ConnectingPoints#

In this stage, pose estimation models are used to process the data extracted from the prepared and organized videos after the annotation and preprocessing stage. Three models, namely Mediapipe, OpenPose, and Wholepose, are utilized, which can be used together or independently as required.

For installation instructions for each model, please refer to the “Keypoint estimator models installation” section in the Connecting Points repository.

This documentation specifically explains how ConnectingPoints can be used with the datasets previously worked on, including PUCP305.

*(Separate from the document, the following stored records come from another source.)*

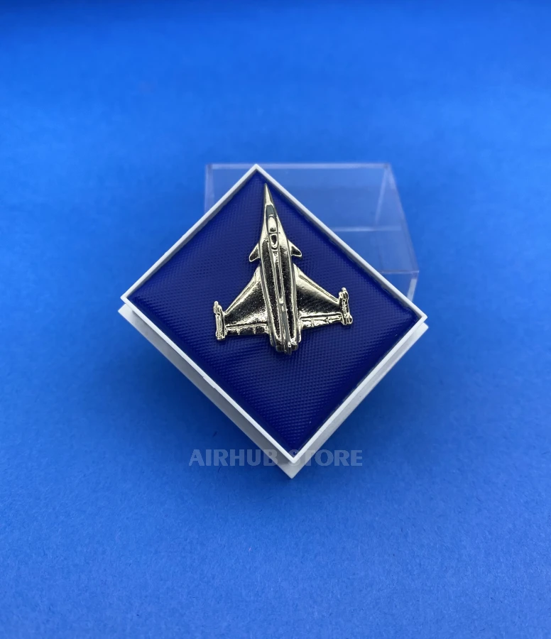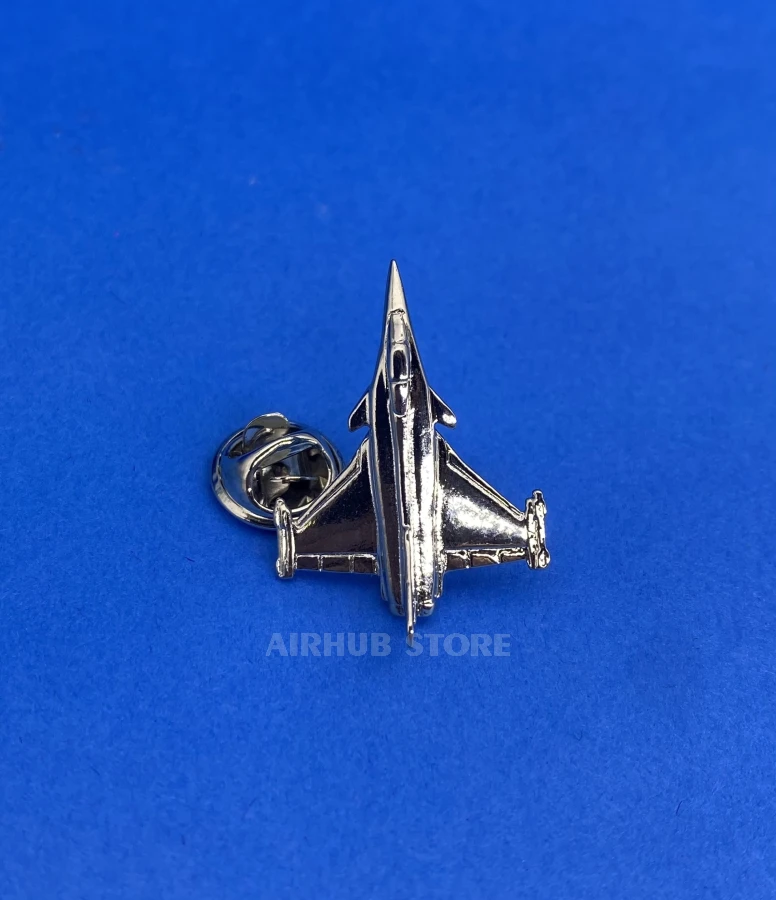 This metal pin is shaped like the silhouette of a Rafale fighter jet, one of Europe's most famous modern combat aircraft. With its clean lines and high-quality casting, it looks detailed and immediately catches the eye of anyone who knows a thing or two about aviation. This accessory goes well with both everyday style and more formal attire.
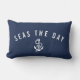 Ahoy ! Mettez la voile avec notre plage mignonne inspiré jetez l'oreiller dans la marine nautique classique bleu et blanc. Le design présente "Mer le jour" en lettres blanches modernes courbées sur une corde nautique et illustration d'ancre.
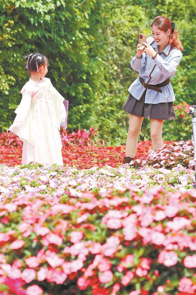 厦门日报讯(记者 吴海奎)清明假期,厦门园博苑花团锦簇,在空明桥花田,4万株新几内亚凤仙竞相盛放,六种颜色的鲜花形成锦绣花海,吸引众多市民游客踏春赏景。漫步花海,仿佛行走在巨大的调色盘中,许多游人身着古风服饰前来打卡,留下春日美好记忆。
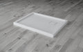 Acrylic shower base with a 12" x 12" drain, designed for an easy replacement of a corner shower. Carefully engineered to provide exceptional stability. Integrated supports distributed underneath the shower base ensure a solid product with no movement or creaking.
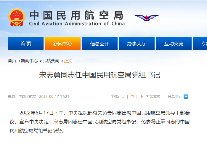 2022年6月17日下午,中央组织部有关负责同志出席中国民用航空局领导干部会议,宣布中央决定:宋志勇同志任中国民用航空局党组书记,免去冯正霖同志的中国民用航空局党组书记职务。
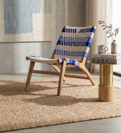 Bunai Rope Easy Chair Natural And In Ocean Blue Colour
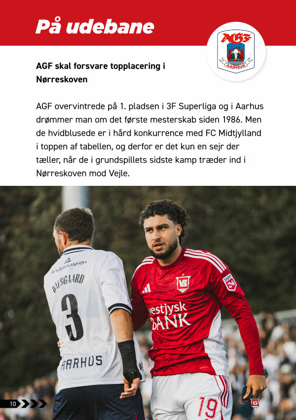 AGF overvintrede på 1. pladsen i 3F Superliga og i Aarhus drømmer man om det første mesterskab siden 1986. Men de hvidblusede er i hård konkurrence med FC Midtjylland i toppen af tabellen, og derfor er det kun en sejr der tæller, når de i grundspillets sidste kamp træder ind i Nørreskoven mod Vejle.
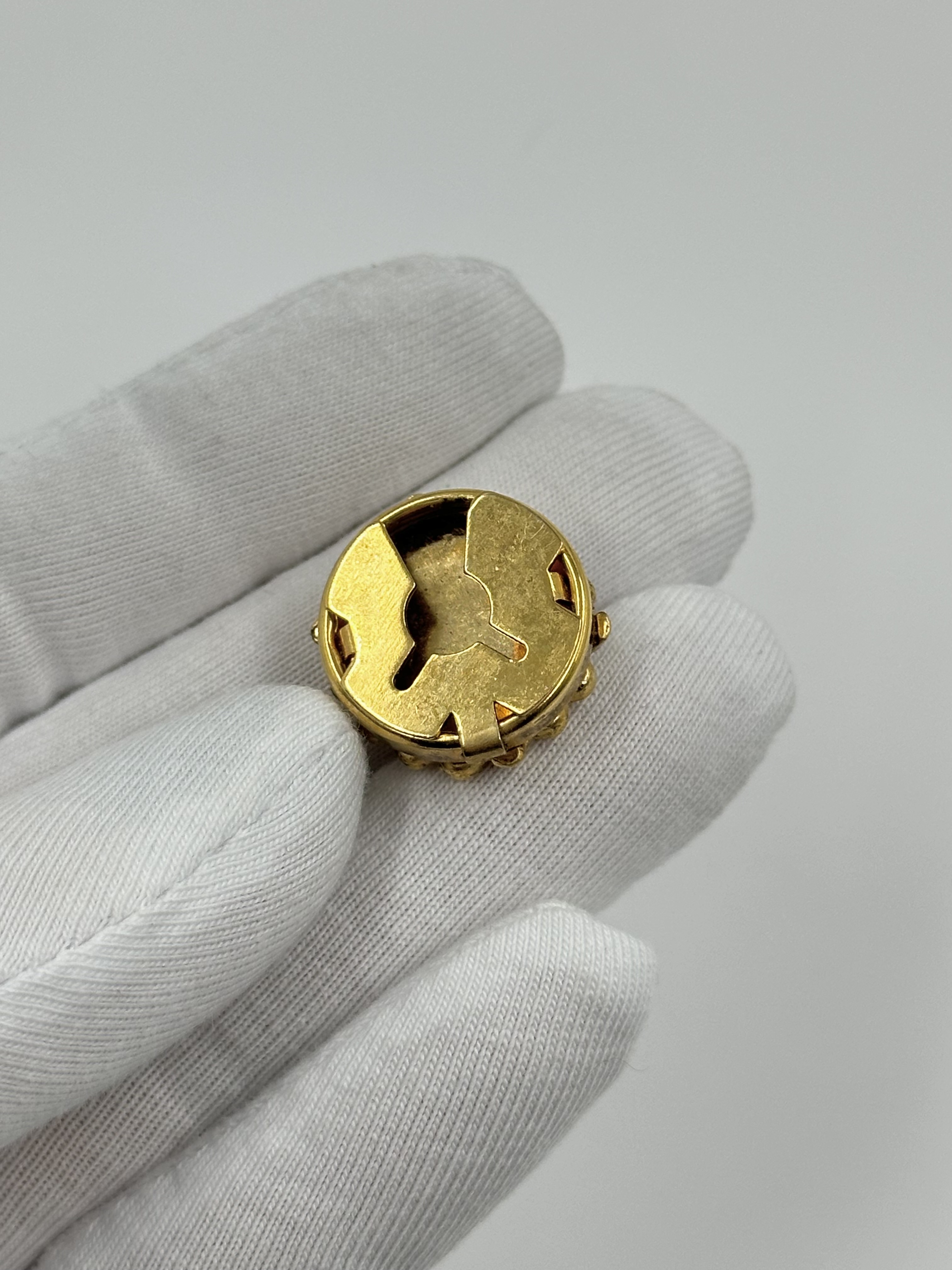 Бижутерный сплав, пластик. Размер 1,9см, на пуговицу до 1,3см. Присутствует сход покрытия.

The following diagram summarizes this stage, where the expected output is an HDF5 file.

ConnectingPoints

The output of the ConnectingPoints stage will be an HDF5 file (.hdf5) with the following structure:

Each group in the HDF5 file corresponds to an index (e.g., “#1”, “#2”, etc.) and contains the following information:

  • [“video_name”]: The name of the video, including the relative path starting after the name of the dataset.

  • [“label”]: The isolated signs shown in the video.

  • [“data”]: A TxCxK structure, where:

    • T: The timestep of the video.

    • C: The x and y coordinates.

    • K: The keypoints, including “pose”, “face”, “left hand”, and “right hand”.

The output HDF5 file will have separate groups for each keypoint estimator used and each dataset or mix chosen. The user needs to create the “output” folder to store the generated HDF5 files.

The ConnectingPoints stage will process the datasets and keypoints estimators to produce the HDF5 files, which will contain the pose estimation data, video names, and corresponding labels or glosses.

For more details about the implementation of this step, please refer to the Connecting Points repository.